確かに、ゼーレヴェは2年前まで借金地獄で定員割れもしていたというのにこの有様。まるで復活をしたどころではなく強化された。まさか、他校と戦闘を企んでる…?
「とりあえずこの式典で下手なことは言わない方が身の為。もし秘密でも喋ればきっとゼーレヴェの上層部に伝わる」
何か、秘密がある。
ゼーレヴェのパビリオンにはⅠ号戦車やⅡ号戦車の姿はなく、代わりに銃とヘルメット、服装が展示、そして説明会が開かれていただけ。他校は軍事力の差を見せつけようとしているが、妙にゼーレヴェは積極的じゃないというか、何か隠しているように見えた。
学校博覧大会の司会席の上から見下ろしていたのは楠本 絵理花。ゼーレヴェ生徒会の会長である。
「どうだ?パトリオットと聖ジェームズは?」
「パトリオットは勘づいているようです」
「早いな。まぁ奴らはこちらとはあまり関わりたくないはずだ。そのまま情報をとるだけでいい。このまま調査を続けろ」
ゼーレヴェには狙いがあった。
とある理由で復活、強化されたゼーレヴェには弱点として財政危機があったのだ。復活したことで資金が大量に必要になっていたのである。
そこで、ゼーレヴェはある作戦を思いついた。
これは失敗すれば生徒会解散どころか犯罪にもなるものだ。
まず、兵器を全国の高校に売ることができる市場である全国高等学校総合兵器市場から購入する。
次に、購入した場合、本来は生徒会会計担当に出納帳が提出され、部費または学校の資金から引かれることになるのだが、ここで会計担当が教師陣に極秘で割引を行う。この極秘の方法は実際にできかねないため説明は省くが、こうすると、実際、購入した金額より安くなる。するとあら不思議。教師陣の目を潜り抜け、正規の値段で買っているが部費の消費を軽減できるのだ。
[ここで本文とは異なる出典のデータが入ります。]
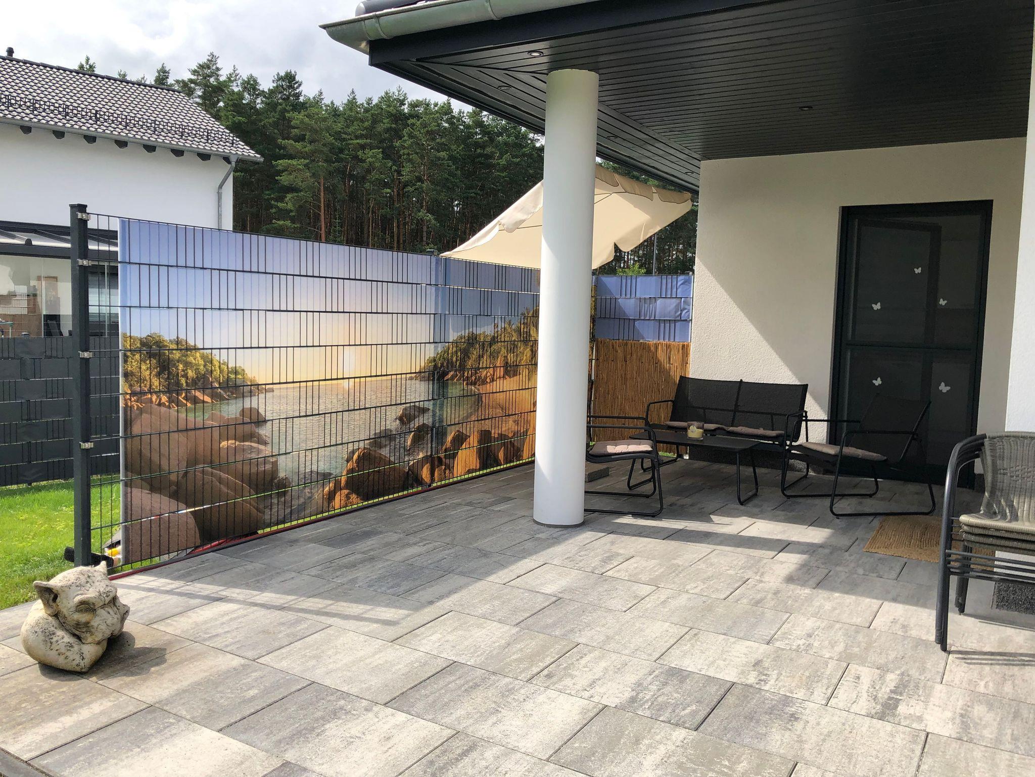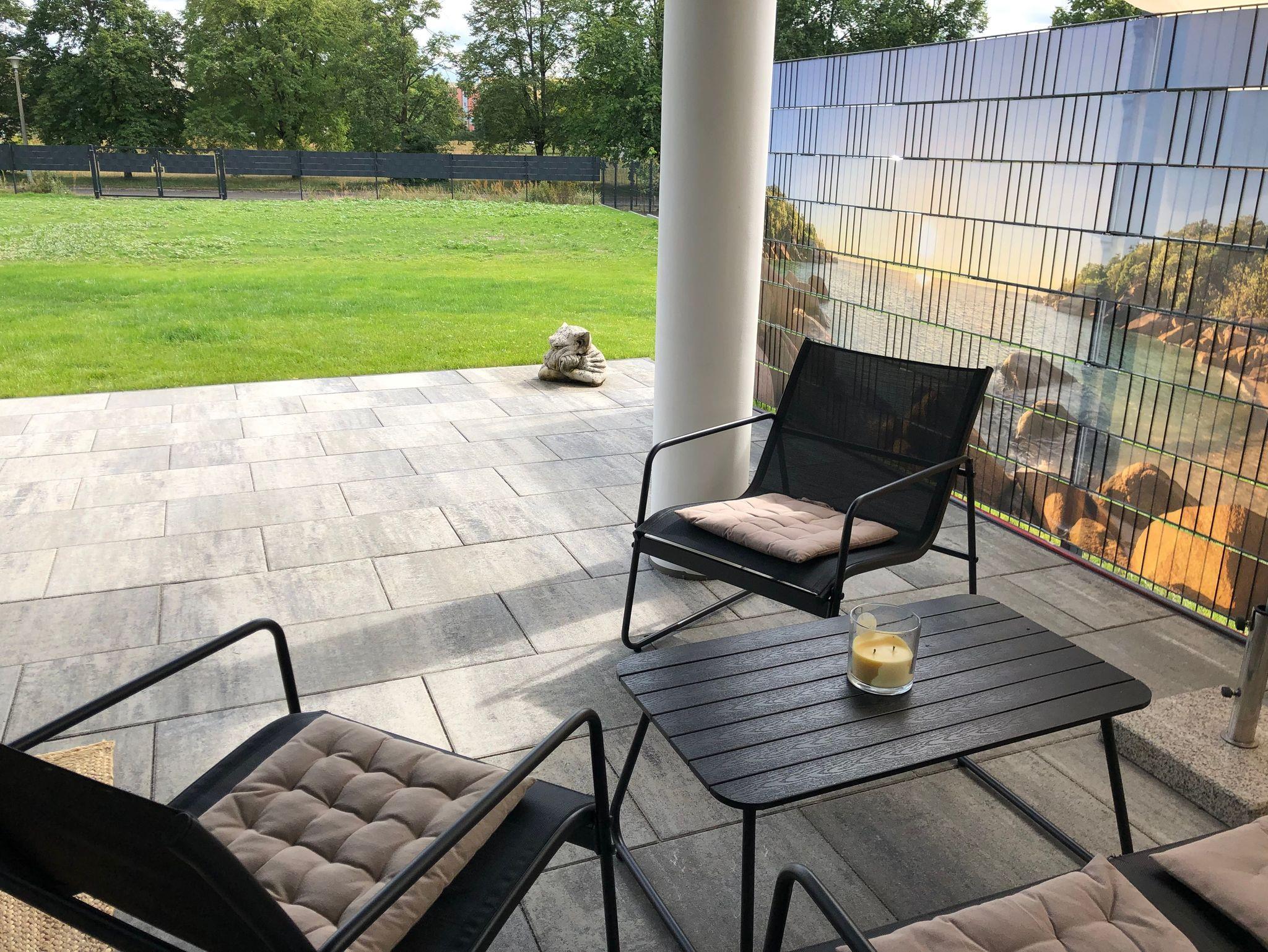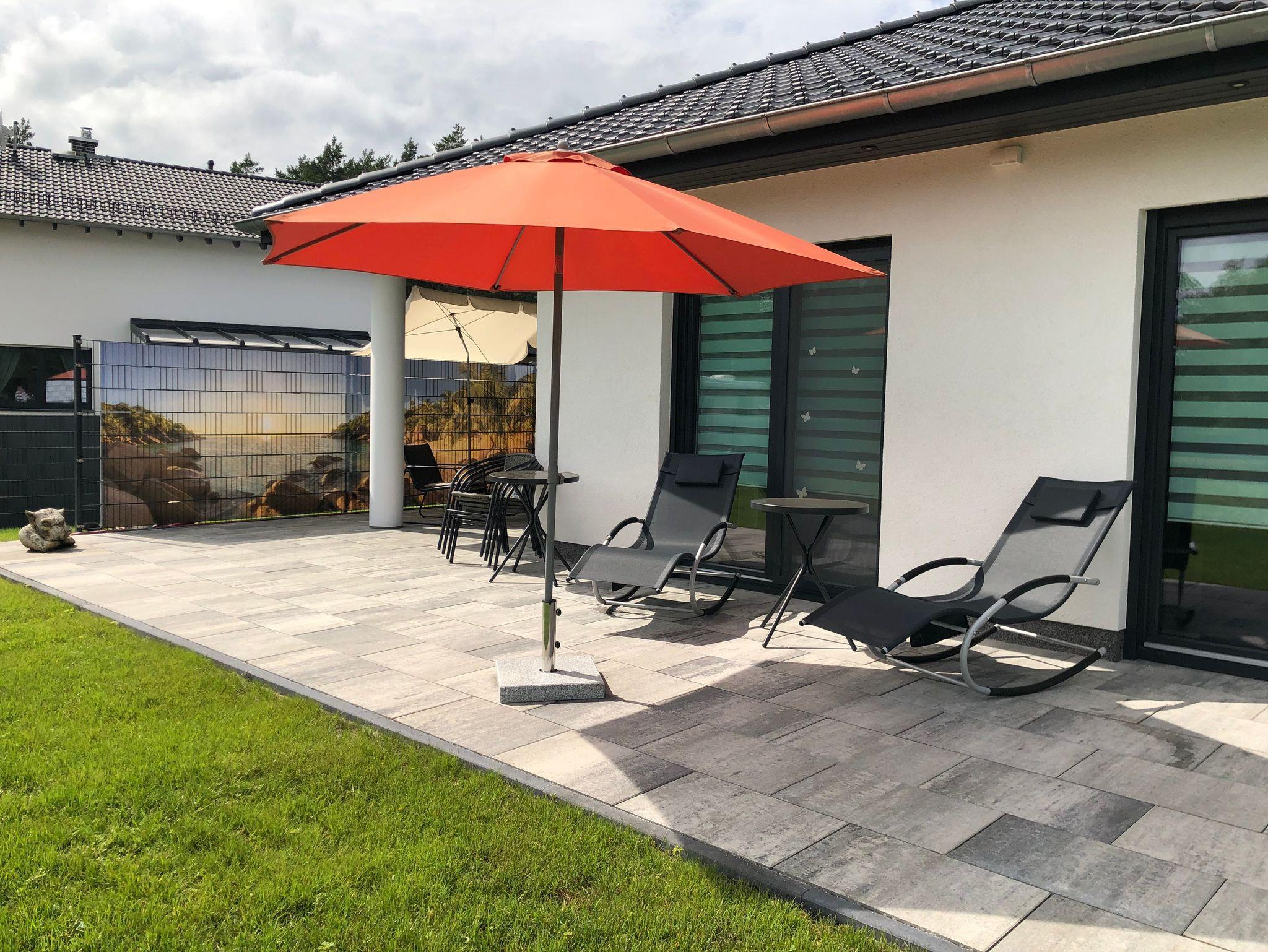 Im Außenbereich gibt es eine Terrasse, welche von zwei Seiten begehbar ist. Ein großer Gartenbereich ermöglicht Ihnen die Sonnenliegen in unterschiedlichen Bereichen aufzustellen und somit Ihren wohlverdienten Urlaub entspannt zu genießen. Das gesamte Haus verfügt über eine wunderschöne Außenbeleuchtung. Das Besondere sind die integrierten Insektenschutzgitter in jedem einzelnen Zimmer und für den Außenbereich als Schiebetüren. In der kälteren Jahreszeit sorgt eine Fußbodenheizung und ein Kaminofen für ein wohliges Wärmegefühl.

この安くなり払っていない部分は生徒会の手により部費ではなく学校から支払われる。つまり、部費の一部を学校側に秘密で負担させるのだ。
しかし、調べれば一瞬でこの方法はバレてしまう上、学校側の負担が増えればいずれかは気づかれる。長くは使用できないこの方法を解決するにはどうすればいいか。その方法はたった1つである。
戦闘である。
他校と戦闘になり勝利すれば、賠償金が貰える。この賠償金を文化祭やこの学校博覧大会後に提出される出納帳をいじり、学校側の負担を埋める。この時に初めて学校側は嵌められていたことに気づくが、手遅れであり、経済は学校ではなく生徒会が握ることになるのだ。